The book is a quick read, 170 pages. Akerlof, Nobel 2001 winner in economics, and Shiller (AS), Yale economist who predicted the real estate and stock crash, got good reviews. #392 on Amazon, is good for an economics book.

Shiller real estate index is a useful tool to compare prices. AS said that psychology, human behavior, animal spirits should play larger roles in economics modeling.

Yes, psychology, human behavior, and animal spirits, can be considered as part of the economic model. You can collect data from consumer survey and then do SPSS analysis to get the results.

CEO will tell you that their companies will hire or not, in the next six months. Sixty percent of the employees will tell you that their jobs are not secure. As a result, they would not spend too much money. These data are psychology/behavior patterns.

In the field of education, social science, finance, management and market research, animal spirits were included in SPSS data analysis, all the time.

AS argue when the economy is down, G8 governments will need to intervene with stimulus and find ways to encourage lending--to restore the confidence.

This already happened with Chinese, Japanese, and European central banks. Obama gave $787 billion stimulus and US government bailed out GM, AIG, etc. How far will the government go?

I personally have problems that government controls 60% of GM. I do not think it is a good business model. Read Peter Schiff's book. He and I agreed that GM should solve its own problem.

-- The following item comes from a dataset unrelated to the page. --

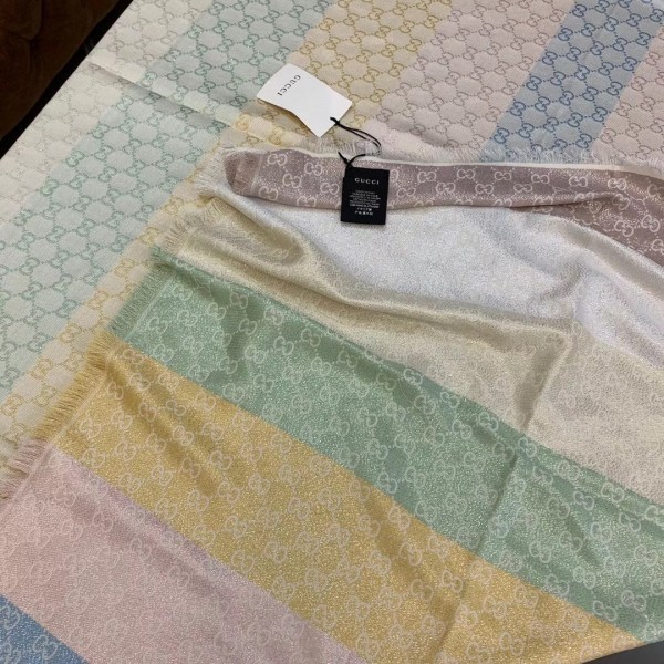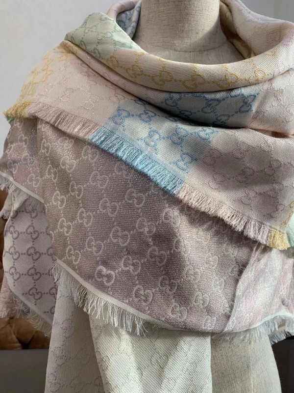 An evolution of the original Gucci rhombi design, the GG logo has become an established symbol of Gucci’s heritage. Integrated within the Cruise 2019 collection, the distinctive pattern is reimagined in combination with a multicolored pastel pattern. It is crafted from a blend of viscose, cotton, silk and wool for an accessory that feels supremely soft to the touch and is lightweight to wear.

Obama is asking Americans to bail out these bad companies and toxic assets with grand children money. Two trillion or more? Second or third stimulus?

However I do like the idea of Public Private Investment Program (PPIP) that these nine companies will raise $500 million each, to buy the toxic mortgages for 2009:

1. BlackRock Inc
2. TCW Group
3. AllianceBernstein, LP; Greenfield Partners, LLC
and Rialto Capital Management, LLC
4. Angelo, Gordon and Co, LP and GE Capital Real Estate
5. Invesco Ltd
6. Matathon Asset Management LP
7. Oaktree Capital Management LP
8. RLJ Western Asset Management LP
9. Wellington Management Co, LLP

Many books on Greenspan's irrational exuberance, consumer sentiments, emotional intelligence, were published in the past 10 years.

Can behavior economics restore the consumer confidence? No one knows.





5 out of 5 stars This is a "must read" book   July 5, 2009
Bouhari AROUNA (Manhattan, NY USA)
2 out of 2 found this review helpful

"Animal Spirit: How Human Psychology Drives the Economy, and Why It Matters for Global Capitalism" is a wonderful book that calls for a different approach of economy. The authors argue that the old economic paradigm (In a self-regulating free market people make rational decisions) doesn't consider the powerful psychological factor that J. M. Keynes called "animal spirits." The books itself offers few details about policy. However its does argue that government should give citizens a sens of confidence in the future through market regulation, which should ultimately get them to start spending and investing again.